У меня дрогнул голос, но я, кажется, сказала то, что хотела. Гомес тотчас же меня перебил и заговорил с проверяющими по-испански. Разговор получился долгим. Время от времени в него вклинивалась Джульетта. Высказывалась она деловитым, даже резким тоном, но я заметила ее эмоциональный накал. Левой рукой она постоянно дотрагивалась до шеи. Когда она повысила голос, отец погрозил ей пальцем.
Сверху на всех нас взирала убитая током верветка.
Мистер Джеймс встал.
— Приятно было с вами познакомиться. — Он склонил голову с благородной сединой в направлении непослушных ног моей матери.

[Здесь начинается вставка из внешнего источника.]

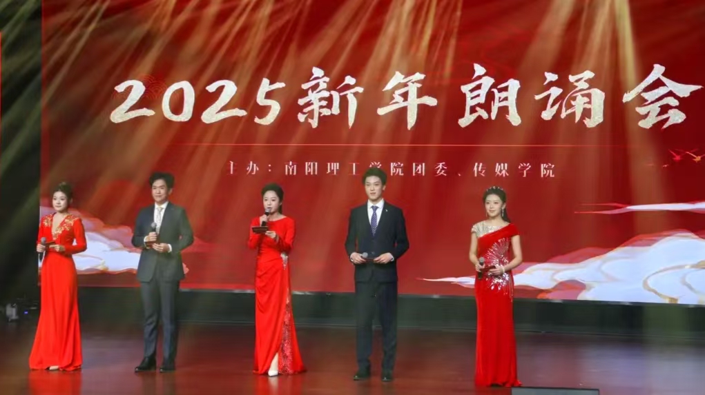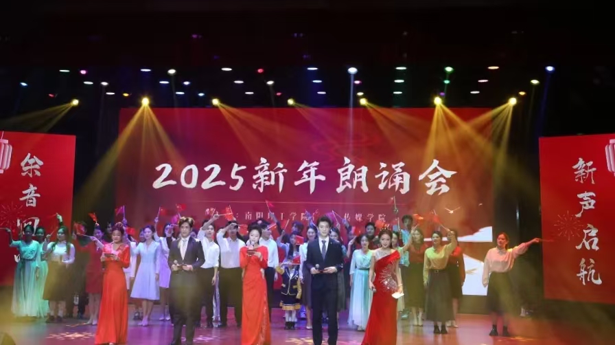 吴倩倩)12月24日晚,由南阳理工学院团委、传媒学院主办的“余音回响,新声启航”2025新年朗诵会在东校区21教演播厅举行。校党委副书记张爱红、副校长高芳放,南阳市文联党组书记、主席雷洪波,南阳市作家协会副主席水兵,南阳大剧院董事长曹一鸣、总经理刘九牛等,以及校团委、传媒学院领导班子和师生欢聚一堂,聆听经典,迎接新年。

А сеньор Коваррубиас поцеловал ей руку. У него был слегка приплюснутый нос, как после драки.
— Profunda tristeza[11], — сказал он глубоким, усталым голосом.
Пошарив пухлыми пальцами в кармане, он с новой энергией достал ключи от машины, как будто сгорал от желания побежать к своему белому лимузину, припаркованному на территории клиники, и с нарушениями скоростного режима умчаться в Барселону.
После отъезда комиссии Гомес попросил меня выйти из кабинета.
— Я должен поговорить со своей пациенткой наедине, — сказал он.
Скрюченный артритом палец Розы погрозил суровому, неулыбчивому врачу.
— Мистер Гомес, стеклянный футляр вашего чучела примата разбился почти над самой головой моей дочери. У нее над бровью в кожу впилась тонкая стеклянная заноза. Впредь потрудитесь накрывать футляр тканью.
Когда я шла к двери, мне показалось, что у мамы внутри выключили свет. И одновременно с этим я заметила, что к Розе вернулась красота. Ее скулы, мягкая кожа… она вдруг сделалась яркой, как будто вновь стала собой.
Исчезающий диван
Повсюду тишина. Повсюду спокойствие.
Восходит солнце.
В небо поднимаются клубы черного дыма. Где-то вдалеке произошел взрыв.
По совету Гомеса я отправилась с рюкзаком в горы, где отдалась суровому пейзажу, открыла его детали, идеальные формы мелких суккулентов, растущих между камнями, их блестящую кожицу, геометрию и сочность. В рюкзаке лежала бутылка воды, на голове плотно сидели наушники — я слушала оперу Филиппа Гласса «Эхнатон»[12]. Мне хотелось великой музыки, которая огнем выжигала бы мои случайные страхи, заползавшие под кожу. Под кроссовками шныряли ящерицы, а я уходила подальше от черного дыма, в иссохшую долину, где виднелось что-то вроде руин древней арабской крепости. Примерно через час пути я остановилась там на привал и стала высматривать тропу, которая привела бы меня назад, к пляжу.
Вдалеке поджидала она.
Ингрид в шлеме и высоких сапогах сидела верхом на жеребце андалузской породы. В головокружительной небесной высоте, расправив крылья, над андалузцем парил орел. В наушниках гремело безумство музыки, а она подняла жеребца в галоп и помчалась в мою сторону. Мускулистые руки, длинные волосы, заплетенные в косу, бедра, стиснувшие жеребца, — и сверканье моря у подножья гор.